The other issue of speed, translating the code from the programming language to machine code, can also be a consideration. Development requires making changes to code and checking whether the changes work. If the process of getting feedback takes a long time, due to these translations, it can destroy a programmers productivity. Golang is a language that is explicitly designed for fast compilation.
Safety is in many cases the flip side to the speed argument. Certain abstractions cost you in speed but provide you with safety in return. Different languages tend to make different trade-offs with this regard. For example one of the relatively new languages, Rust aims at focus on zero cost abstractions: abstractions with little to no run-time performance penalty.
One contentious aspect of safety is the use of type systems. Types allow the coder to specify various categories, such as numbers, persons, cars, etc as well as their requirements to be fulfilled within the context of the program.
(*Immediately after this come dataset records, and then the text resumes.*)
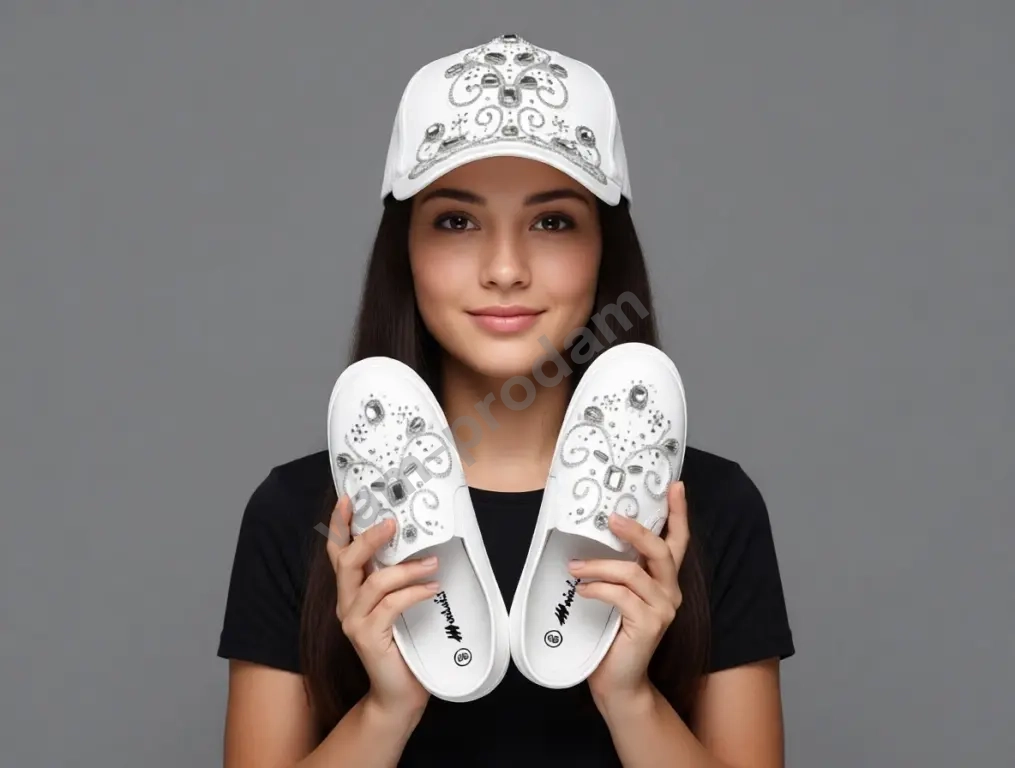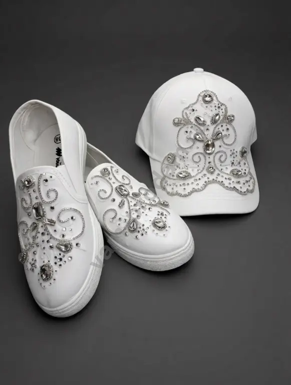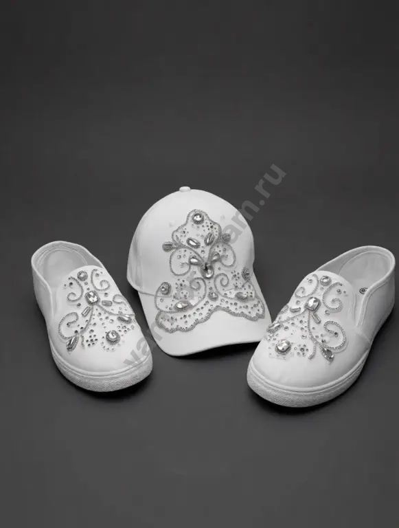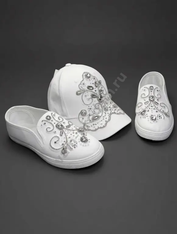 Комплект из бейсболки и слипонов. Отделаны кружевом и инкрустированы стеклянными стразами.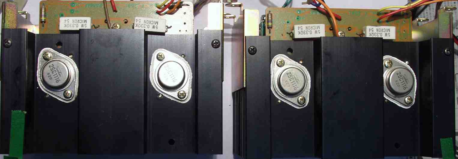 | A5. 修理前 交換してある終段抵抗、終段TR が綺麗なので交換してある。 これらの修理が施されたのは大事故の証拠 熱のため、流れだし、全くないシリコン・グリス 終段終段TR(トランジスター)が元気だと良いですが? |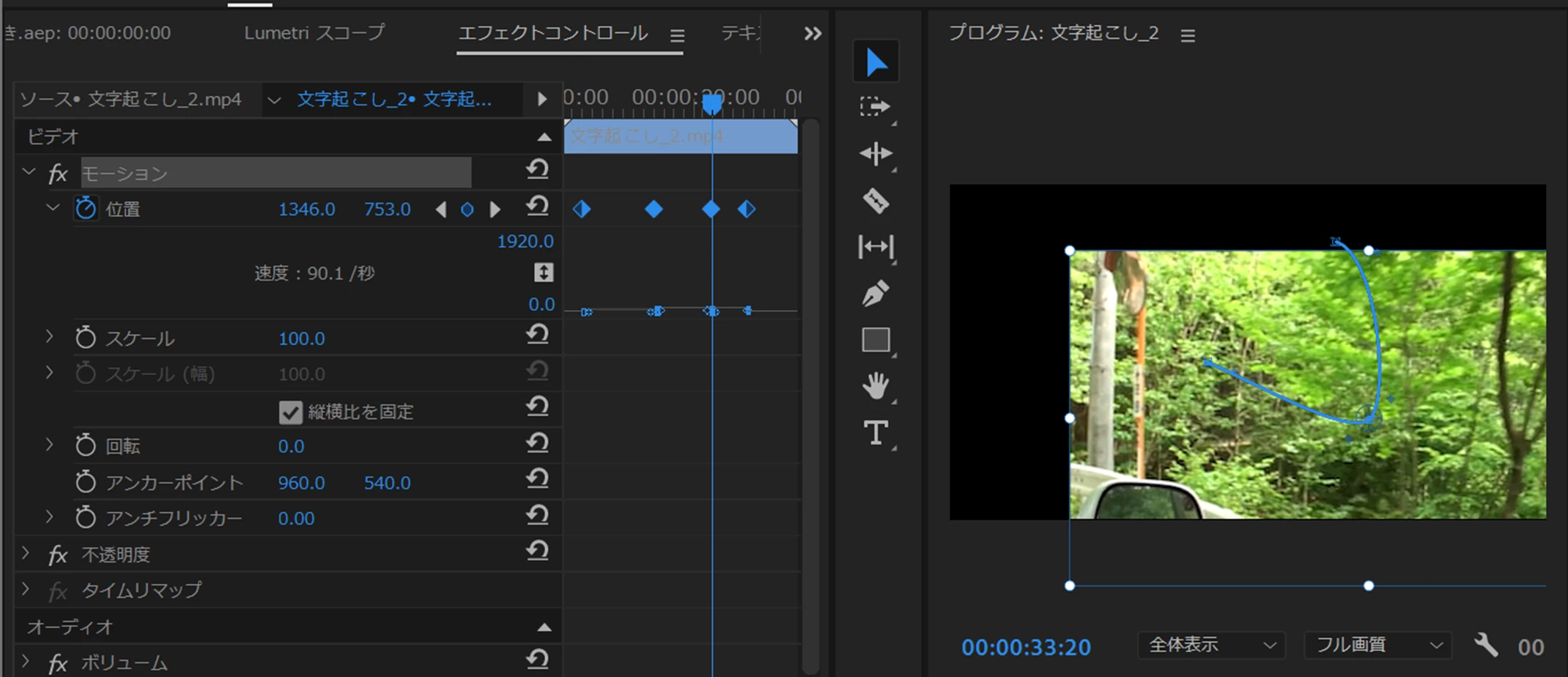 (属性のコピー&ペーストを行ったり、動きを付けた後にクリップの尺を短くしたときにありがちです。)

Types can be checked both statically, before the system is run, or dynamically, during the running of the program. Some people swear by very expressive type systems: where types can specify very detailed features of the things the program wants to represent. This then can be used for checking code for correctness, both before and during the running of a program, as well as documentation. On the other hand type checking is not free: it can make translating the compilation into machine code a much slower process. Some people also consider the writing and checking of types themselves very cumbersome during initial development, where quick iteration can be slowed down by specifying detailed types.
There is a whole spectrum of possible stances with regards to type systems. For example, certain languages such as Haskell and Idris are designed from the ground up with very expressive type systems that are statically checked. Others, for example Dart which started off as having optional types but adds mandatory types in the latest iteration to help with tooling, take a more balanced approach. Golang explicitly has a static, but minimalist, type system that allows for fast compilation. There are also languages, such as Clojure that instead of static types, use contract systems to ensure safety at run-time and allow for documentation and testing.
One final aspect of choosing a programming language, which can be surprisingly significant, is which language is beneficial to the team, as opposed to an individual developer. Different teams bring different expertise to the table, and while most professionals are often quite willing and able to use a new language if it is most suited to the task at hand, this can still be a cost that might be better spent on developing the application. From an employers perspective it can also often be beneficial to stick to more commonly used languages as it can be easier to find future employees versed in the language used. On the other hand, there are many professionals that would be quite willing to jump on the chance of using the latest programming languages, in which case the choice for a newer or more niche language can be a competitive advantage from a recruiting perspective.
I hope this article gave some insight on why programmers pick and argue about programming languages. Despite all the various differences and arguments it is also very important to note, that great software has been written in many different languages, that is both excellent code and solves important problems. And while picking the right tool for the job is an important, it can be just an aspect of the art of solving problems with code.